Тимкина мать сокрушенно покивала головой, сопровождая этими испуганно-печальными кивками почти каждое слово Антонины Васильевны, особенно когда она цитировала «Разгром», хотя не имела ни малейшего представления ни о Фадееве, ни о его книге. Она зачарованно смотрела на вдохновенное лицо учительницы, страдала оттого, что Антонина Васильевна была недовольна, и радостно оживала, когда та хвалила сына то за пятерку по физике, то за десятки в мишенях на занятиях по военному делу. Больше всего мать боялась, что Антонина Васильевна не успеет ей все рассказать до прихода Тим Тимыча, и потому суетливо повторяла одни и те же слова:
– Вот я уж ему... Ишь, какой умный...
Но именно эти слова и настораживали Антонину Васильевну, она тревожно всматривалась в усталое лицо матери, мысленно отмечая, что Тим Тимыч – ее копия, и взмахивала руками:
– Нет, нет, никаких мер принуждения, никаких наказаний! И не вздумайте! Его надо убедить, понимаете, убедить, что современный красный боец, а тем более командир, – это человек высокого интеллекта и литература должна быть спутницей всей его жизни. А какие взгляды у вашего Тимы? Вы знаете, что он мне заявил? Литература, говорит, это для развлечения, когда у человека много свободного времени. Вы представляете, Анна Филипповна, как узко он смотрит на духовные богатства человечества и как негативно воспринимает воспитательную роль литературы, представляете?
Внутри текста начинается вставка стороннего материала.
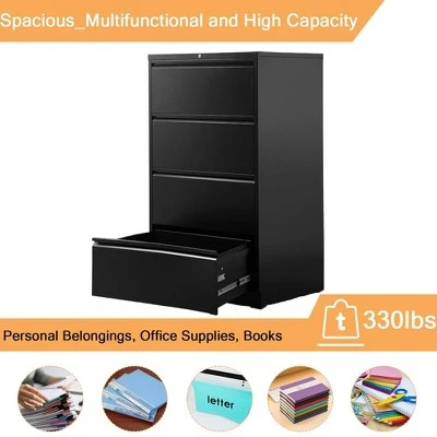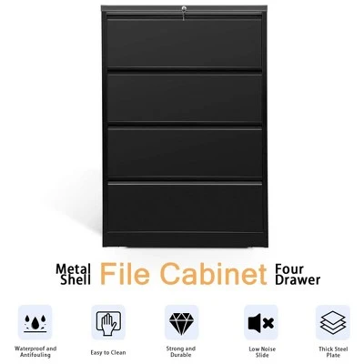 Organize and protect important documents, work files, and more with the 4 Drawer Lateral File Cabinet from AOBABO. This spacious file cabinet is the perfect way to declutter your office space while keeping all of your important documents in 1 place.Designed with full extension and steel ball-bearing suspension, the drawers can be opened and closed quietly and easily. When a single drawer is open, the interlocking system prevents the other drawers from opening, which prevents tipping and harmful accidents. The file cabinet is made of heavy-duty steel, and the surface is powder-coated, making it smooth and resistant to rust.This lateral file cabinet comes with 1 lock that can simultaneously secure all 4 drawers, ensuring the safety of your belongings and privacy at any time. The plastic pad on the bottom of the cabinet protects your floors from scuffs while also reducing noise. Equipped with 4 spacious and deep hanging file drawers, each drawer has 1 adjustable hanging bar, allowing you to organize your paperwork to your specific liking.Get sleek style, functionality, and convenient safety all-in-1 with the AOBABO 4 Drawer Lateral File Cabinet.

– Представляю, очень даже представляю, Антонина Васильевна, – торопливо соглашалась мать и снова твердила свое: – Вот я уж ему... Ишь, какой головастый...
А когда Тим Тимыч поздно вечером возвратился домой, мать встала перед ним как воплощение кары за страшные грехи.
– Ты почему это по литературе двойку схватил?
– По литературе? – озадаченно переспросил Тим Тимыч, пытаясь сообразить, каким образом мать пронюхала про эту несчастную двойку. И, набравшись храбрости, мрачно и решительно ответил: – Литература, мама, мне ни к чему. Я вот уйду в армию и там останусь.
– Как это останешься? – всплеснула руками мать.
– А так. На всю жизнь.
– А какой ты красный боец, и тем более командир, если без этого богатства?